Monday 23d. December

Prisoner on bord ye B

Mr. Moulton & my [rest torn] a little after [rest torn]

[17]

this day we have news that mr. Cosens & Fletcher is Dead [word Crossed out] that was sent to ye Hospital. Nothing More Remarkable

________

Tuesday 24th. 1776

Prisoner on bord ye. Belong

This day a Gentleman Came on bord with a present for ye prisoners of 21 [one letter unclear]. of Beef & Some Rum Nothig more Remarkle.

________

It is possible that the Cossens whose death Hagen reported on December 23 was William Cossens of Wells, listed in the privateer commission of Putnam as her lieutenant, and listed right after John Harmon on Lizard muster list’s enumeration of the prisoners.[32] Fletcher was likely John Fletcher, another member of the Putnam’s crew—possibly the most junior as he was listed last on the muster list of Lizard.[33] Given that he was likely a teenager or very young man, most likely with no dependents, it is difficult to identify him further, although a family connection to a David Fletcher, enlisted in the York county militia for six months of 1775 for the defense of the seacoast and stationed at Biddeford (Saco) is possible.[34]

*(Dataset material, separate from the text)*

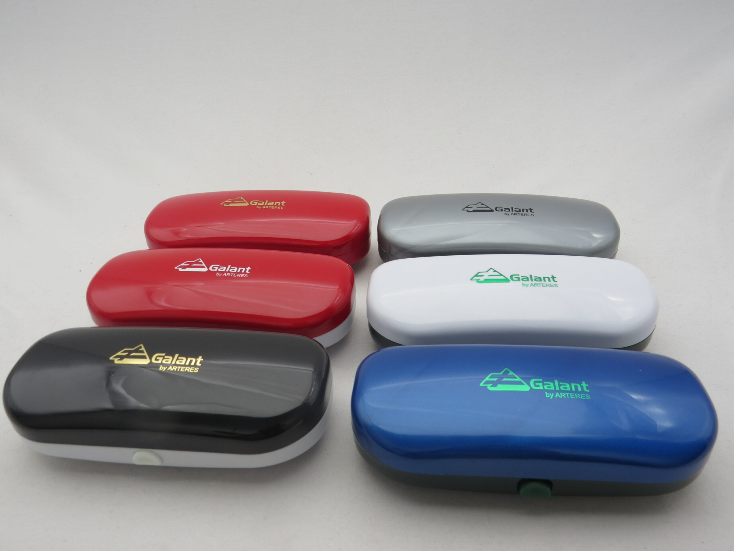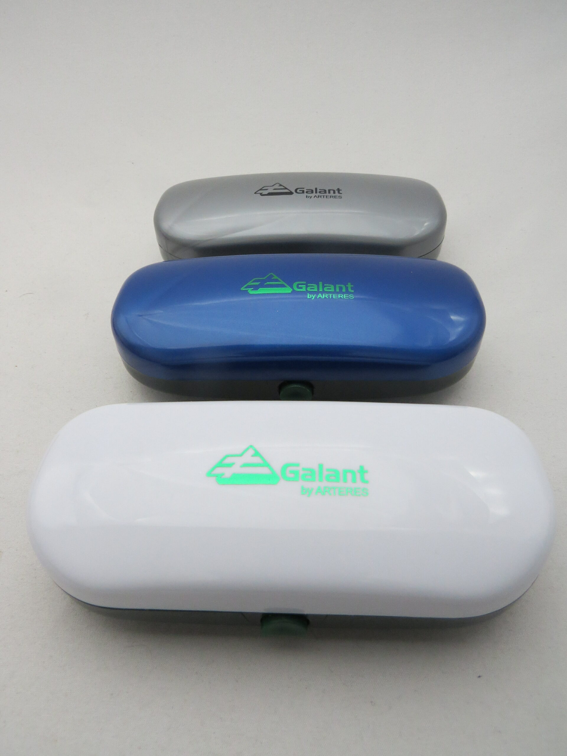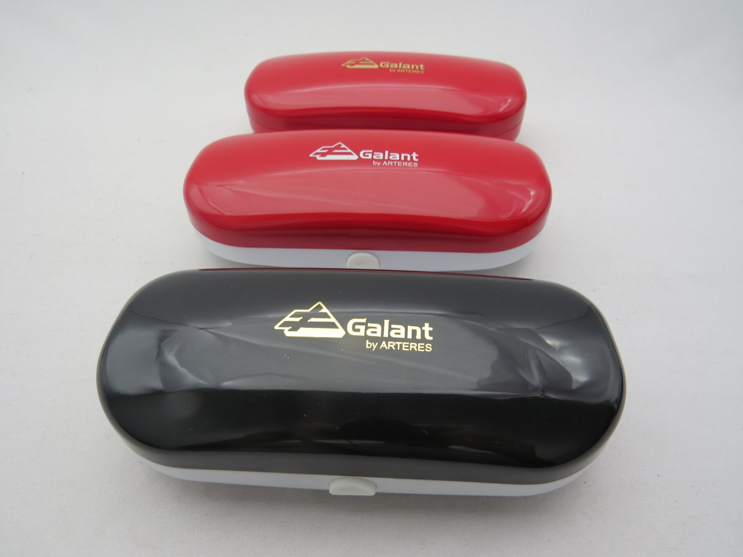Estojo de plástico rígido com gravação hot-stamping e forração vacuum forming.

Hunger and malnutrition were a constant feature of prisoner life: the account of Ethan Allen (who was imprisoned on a hulk in Halifax a few months before Dr. Hagen) also mentioned particularly the lack of food for the prisoners. Allen estimated that the prisoners were not getting more than a third of the standard rations, and described them all as suffering from “violent hunger and faintness.”[35]In addition, he noted that prisoners in Halifax at the time were particularly affected by scurvy.[36]

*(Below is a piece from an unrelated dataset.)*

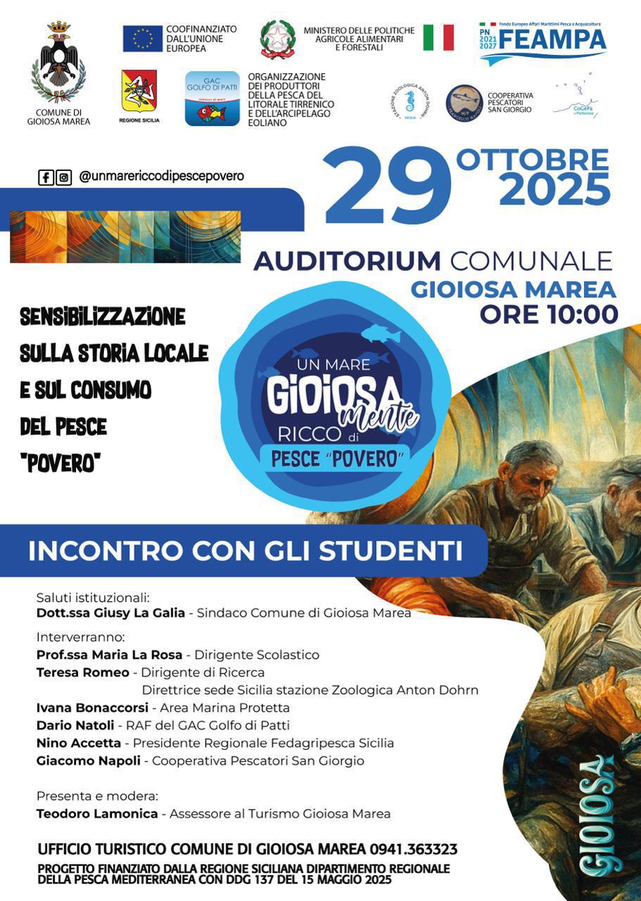 Un progetto finanziato dalla Regione Siciliana – Dipartimento della Pesca Mediterranea, con il supporto dell’Unione Europea (FEAMPA) e del Comune di Gioiosa Marea.

The deplorable conditions on the prison ships were widely known,[37] and the humanitarian assistance provided by some residents to the prisoners, referred to by Hagen, is of interest in this context. In addition to local matrons taking pity on well-known inmates like Ethan Allen and supplying them with fresh meats, garden produce, and bottles of wine,[38] we also find records of more ordinary charity that bear out Dr. Hagen’s account. Capt. John Hall, Sr., of Granville, Nova Scotia, for example, instructed his son to gift the prisoners with twenty to thirty bushels of potatoes in March 1777, which were then distributed among the prisoners by some of their captains.[39] And Hall was not alone—Boston’s Independent Chronicle noted in 1777 that, “was it not for the kind interpositions of some of the inhabitants of Halifax, the last winter, in supplying [the prisoners] with necessaries, numbers of them must inevitably have perished.”[40]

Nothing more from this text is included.